Né un an après le tournage du film, Benjamin Barouh a en quelque sorte grandi avec. « J’en ai toujours entendu parler. Pierre était très content de ce film, qu’il considérait comme une sorte de miracle. Ce qui m’en reste surtout, ce sont les scènes de répétition de Baden Powell. C’est principalement cela que j’ai retenu de Saravah : aller filmer dans les coulisses pour capter des moments exceptionnels, où éclatent vraiment le talent de l’artiste. » Une partie du film montre en effet des répétitions très intenses entre Maria Bethânia et son tromboniste, ou celles de Baden Powell avec Maria Sousa, avant un concert. Un véritable bijou.  

Benjamin raconte encore que son père diffusait souvent ce film chez lui, à ses amis, sans se préoccuper de son avenir sur un support. Car Saravah, à l’image de Pierre Barouh, est un film en mouvement, qui eut de multiples vies. Quand il revient en France avec ses rushes en effet, le son n’est pas synchronisé… On lui dit qu’il est foutu. Mais Pierre Barouh ne peut s’y résoudre. Par la magie du montage – il y travaille avec Suzanne Baron, monteuse de Louis Malle – , il réussit à faire naître un film.

“Il aimait le principe qu’une œuvre ne soit jamais finie”

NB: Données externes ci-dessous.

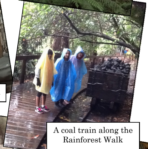
A coal train along the Rainforest Walk

En 1990, les Japonais éditent une première version en DVD, que quelques Brésiliens se procurent – ce qui explique la présence de sous-titres japonais. Mais en 1996, Pierre Barouh retourne au Brésil, à la rencontre d’Adam, un musicien habitant les favelas, auteur de plus de 400 chansons, que lui a présenté le réalisateur Walter Salles. Cette deuxième partie, ajoutée ensuite, est présente sur le DVD final édité en 2005 par les éditions Frémeaux et Associés. Un choix, qui, outre l’absence de sous-titres français, peut surprendre le spectateur. Mais pas Benjamin Barouh : « mon père aimait beaucoup revenir sur ses films, mais aussi sur ses chansons. Il aimait le principe qu’une œuvre ne soit jamais finie. En ce sens, il était assez proche du mouvement Fluxus, mais sans jamais s’en revendiquer : c’est-à-dire que la vie est un fleuve, qui change tout le temps, et que jamais rien n’est vraiment terminé.  Donc pour moi, cet ajout, c’est vraiment Saravah. »

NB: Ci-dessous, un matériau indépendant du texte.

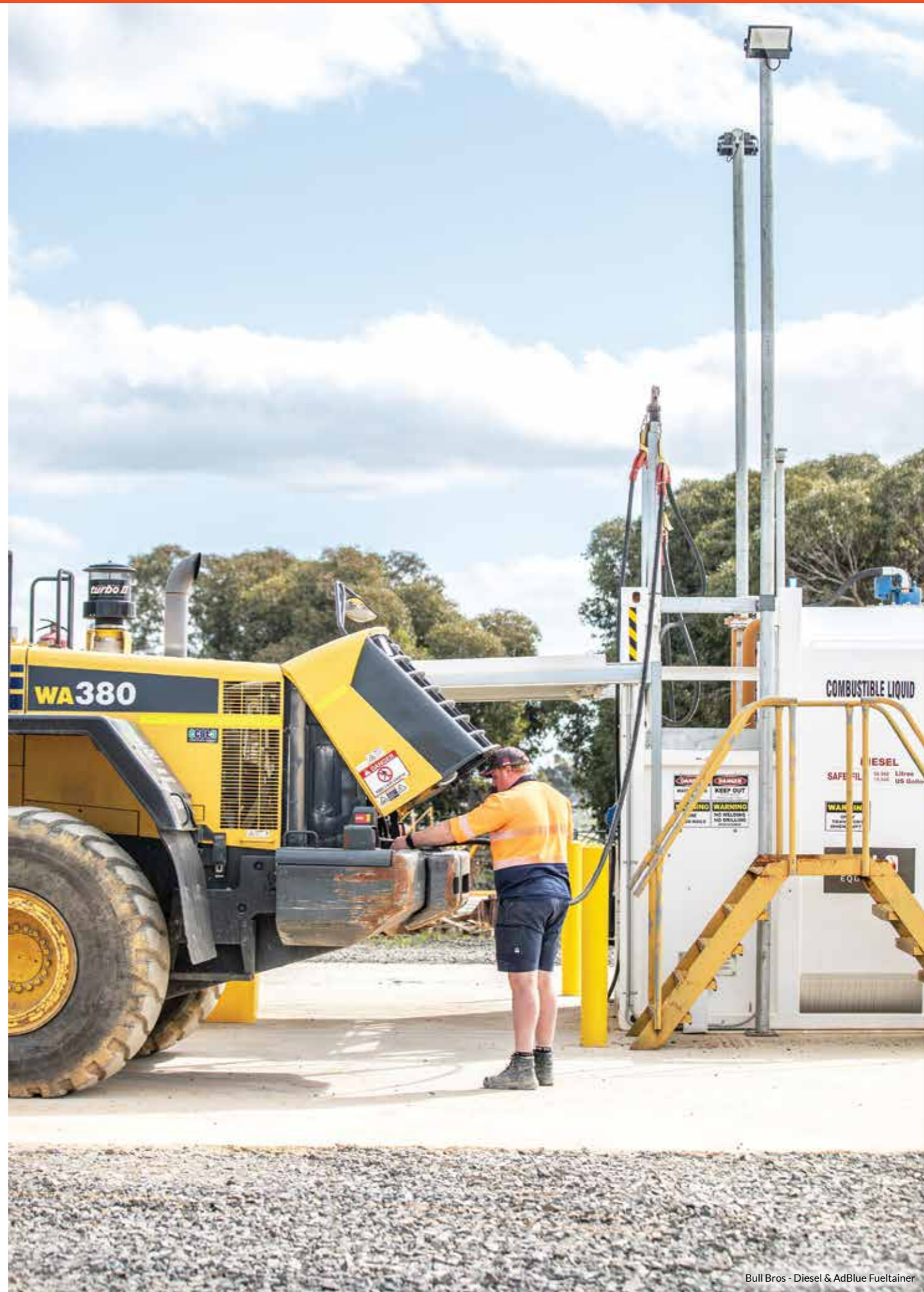
Bull Bros - Diesel & AdBlue Fueltainer

Au-delà du concentré de talents rassemblés – ce sont par exemple les seules images disponibles de João da Baiana – ce qui rend si exceptionnel ce film c’est aussi l’époque à laquelle il a été tourné. Les Brésiliens vivaient alors en pleine dictature, et la musique y était sévèrement réprimée. « C’est ce qui touche beaucoup le public et les amateurs de musique brésilienne. Ce document a la valeur de montrer une scène vivante malgré une dictature installée depuis plusieurs années. Et si le film est ressorti en 1990, ce n’est pas non plus un hasard : il correspond à la fin de la dictature. » Ce qui fait de Saravah un film militant. Un trésor. Un film aussi libre et hors-normes que fut, toute sa vie, son auteur.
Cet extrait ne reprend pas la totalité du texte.